Dommage qu’elle soit sa sœur (09/03/2006)
Giovanni (Laurent Poitrenaux) et Annabella (Fany Mary) s’aiment. Ils sont jeunes, beaux, fortunés, libres. Dommage qu’elle soit sa sœur ! Giovanni ne pourra pas épouser Annabella. Au royaume de l’Inceste, l’Amour et la Mort sont deux promis, et l’enfer les brûle sur terre comme dans l’au-delà.
Pour Dommage qu’elle soit une putain de John Ford, Yves Beaunesne a repris la traduction avec Marion Bernède. Sa mise en scène s’inscrit dans une scénographie de Damien Caille-Perret, en plan doucement incliné, sur un parquet de bois blond étrangement marqueté. Autour de ce plateau, des sièges et des prie-dieu sur lesquels les acteurs se poseront entre leurs scènes.
L’action commence dans un noir absolu, d’où s’élève, a cappella, une voix qui chante « perdone dio moi ». Un chœur de voix répond et reprend la prière, nourrissant l’émotion. La lumière monte à jardin tandis que le Frère Bonaventure (Mathieu Delmonté) s’écrie : « Ça suffit, j’en ai assez entendu ». Il tance Giovanni qui l’écoute, tête basse, pénitent agenouillé sur un prie-dieu. Un cadre étroit figure la porte de la cellule du moine qui exige le « repentir », interdit « la luxure ». Mais Giovanni n’écoute que sa passion…
Pas de ruptures matérialisées de temps ou d’espace. Tout s’enchaîne dans l’espace grâce aux jeux de lumière de Jean-Pascal Pracht. Quand Giovanni quitte Frère Bonaventure, le cadre s’enfonce dans le plancher. Soranzo (Philippe Demarle), le prétendant d’Annabella et Vasquès (Jean-Claude Fressung) son serviteur, surgissent du fond, dans la tradition des entrées du TNP de Jean Vilar. Puis Florio, (Henri Monin) le père, s’installe à l’avant, sur la gauche. Annabella qui se cache sous un immense drap, rampe, le long de l’arête droite tandis que la nourrice Putana (Claire Wauthion) lui donne de gaillards conseils pour choisir un mari.
Yves Beaunesne utilise ainsi la périphérie du plateau, puis les diagonales, enfin le centre, plaçant les comédiens sur l’échiquier du destin. C’est dans le drap que Giovanni et Annabella s’enroulent, au milieu du plateau. L’ombre complice obscurcit leurs ébats en ce nombril maternel recréé, tandis que la lumière dessine le périmètre où s’agitent Soranzo, « infâme prédateur », Hippolita (Hélène Cattin) la femme qu’il a séduite et abandonnée. Doña Anna attirait la justice divine sur Don Juan. Hippolita prépare un poison pour se venger, s’emploie à corrompre Vasquès, mais sera son propre bourreau.

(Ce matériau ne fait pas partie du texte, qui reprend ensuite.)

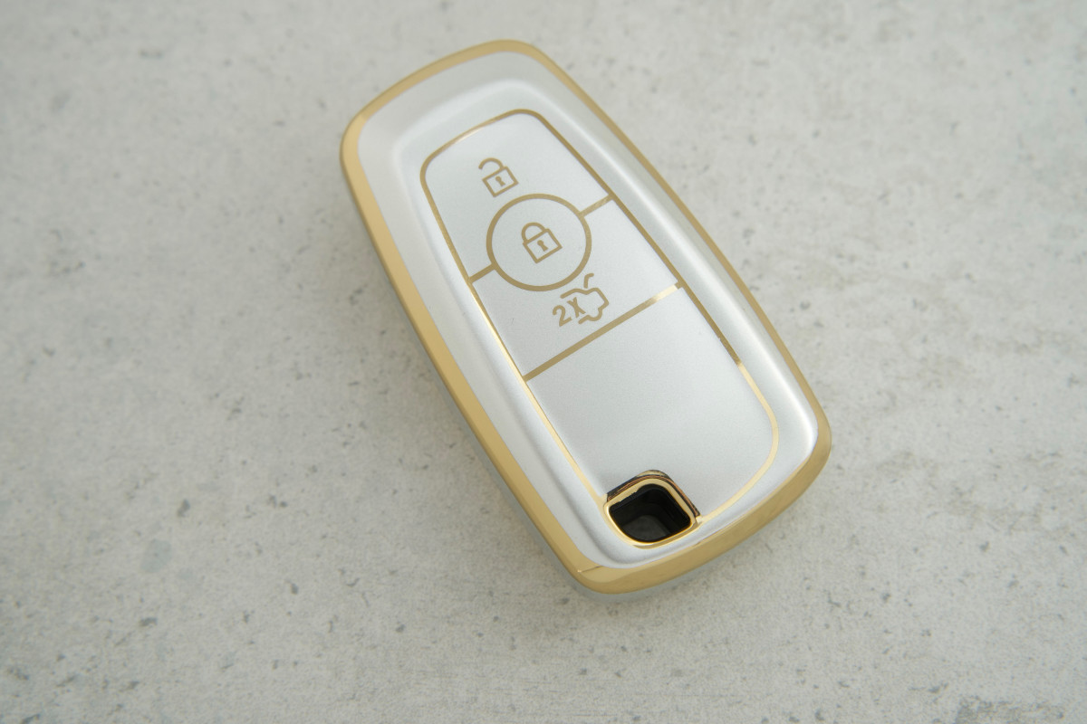 Чохол Ford сірий-золото поліуретан на 3 кнопки — елегантний та практичний аксесуар для захисту ключа, який поєднує стильний вигляд і зручність у щоденному використанні.

Plus tard, quand il faut marier Annabella, enceinte de Giovanni, le drap limitera la chambre nuptiale, puis la chambre-prison où le mari outragé enferme « la putain ».
Des trappes s’ouvrent autour de ce lit, comme les péchés creusent les damnations. Giovanni ne se repent pas, au contraire, il brave les hommes, la loi, la religion pour rejoindre Annabella, la poignarder, lui arracher le cœur, et tuer ceux qui les ont séparés avant de s’embrocher sur le poignard du vengeur. Alors, le plancher du crime se dresse à la verticale, le drap roule à sa base, dans l’ombre du mur des supplices. Il ne reste plus que le valet, qui, comme Sganarelle, se lamente sur son sort, et le nonce en violet qui prononce l’anathème sur les amants maudits.

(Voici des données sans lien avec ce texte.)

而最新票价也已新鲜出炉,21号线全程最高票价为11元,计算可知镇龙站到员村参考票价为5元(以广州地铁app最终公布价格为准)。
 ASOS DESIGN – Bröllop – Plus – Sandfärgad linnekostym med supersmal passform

On admire ce retour à la simplicité, à la primauté du texte que servent brillamment tous les acteurs. La radieuse Fany Mary qui a remplacé Marion Bottolier souffrante, a appris en dix jours le rôle d’Annabella. Elle semble faite pour lui. Patrice Cauchetier a créé des costumes dont les couleurs s’apparient subtilement, riches sans clinquant, magnifiques.
La pièce va tourner en France, à Cherbourg, à Marseille, en banlieue parisienne, en Suisse, au Luxembourg, en Belgique, ne la manquez pas.